Now I could be waaaaay off-base here, but I think that this whole idea of people (ok, game designers) thinking they know best and some inherent desire to play RAW is one of the reasons we have some many, gobs even, of OSR game systems right now. It seems like everyone has their own take on B/X and access to a printing press. Now don't get me wrong, there's a lot of great stuff out there now, but there's a lot I look at once and think, "I don't see the point".

I've already mentioned that I have a love/hate relationship with RAW and what I'm seeing really makes me think that I'm not alone in this regard. Thinking about the current market for these OSR games, and what I perceive as a potentially-fractured-but-not-really player base what I've concluded is that the average GM/players kind of wants a RAW game, but ends up taking the closest system to their liking and lays a few tweaks to the rules for use in their game. Sometimes a lot of tweaks......

I'm totally cool with this BTW and it really describes how I play.
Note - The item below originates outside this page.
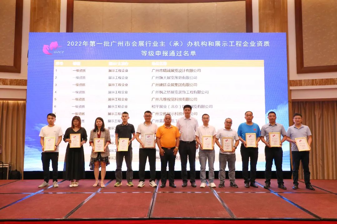会上为获得2022年第一批广州市会展行业主(承)办机构和展示工程企业资质等级申报通过的单位颁发了资质牌匾。

I really (think I) want a crunchy RAW game, but I've yet to find a system that has everything I want, but I (pretty much just now) have come to the conclusion I'm never going to find it unless I publish my own variant....which I'm NEVER going to do (ability, motivation, funds, ROI....take your pick)...and that's OK.
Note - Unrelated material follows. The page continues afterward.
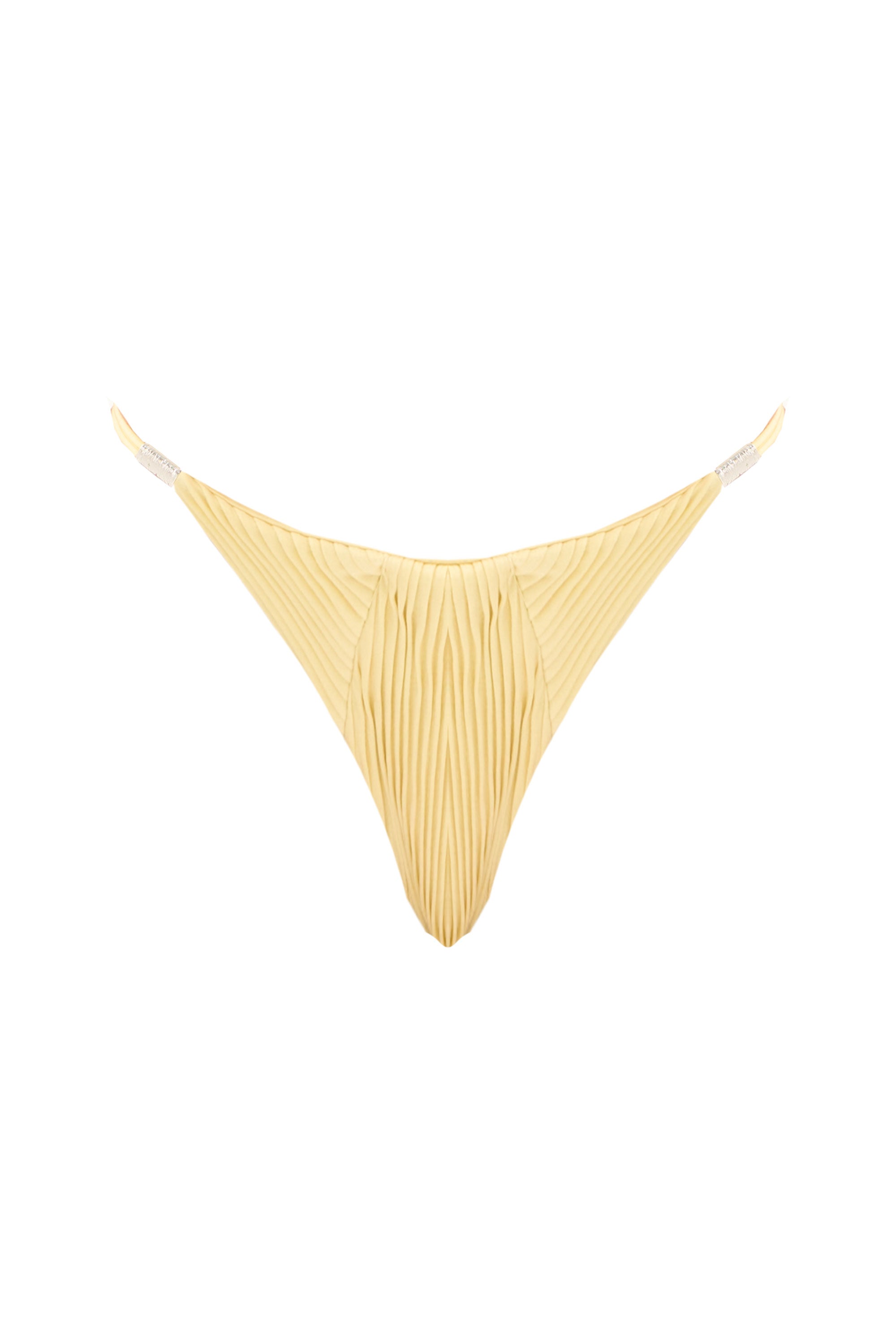 The Gal butter yellow bikini bottom is a cheeky brazilian bottom that highlights natural curves with moderate coverage. Side gold-tone metal jewel detail that enrich and capture light.

Taking my current home-game I'm in as a player for example. There are a few things I'd like to see rules-wise in the game, but it totally occurs to me that it really doesn't fucking matter. For example: I'm running a Magic User and think it'd be great to use my old HackMaster rules to figure out the details on my spellbook. Number of pages, size, etc. I don't need my GM to add that to the RAW to make me happy as I can easily just do that myself and say I'm lugging around this massive tome and I have my backup spellbook with my henchman. Also, by not having this huge ruleset available to essentially restrict us in how we do things he can introduce new rules....that could be good or can suck balls. Either way there is an extra level/layer of fun because of this unknown quantity.

I'm kind of looking forward to GMing again in the future. Oh I'll be running a RAW game, but it definitely won't be single writer/publisher ruleset. No, it'll probably be Old School Essentials as a base with a generous helping of New Big Dragon Games Unlimited stuff, a lot of d30 tables, and whatever cool shit my players bring me (that we agree on!). Yes, you Magic User will have that big-assed clunky spellbook, but how that gets figured out will not be a RAW situation.

As a bit of an aside, and more like extended/recommended reading, if you have access to Gary Gygax's Master of the Game, Chapter 6 would be a good read. Just saying.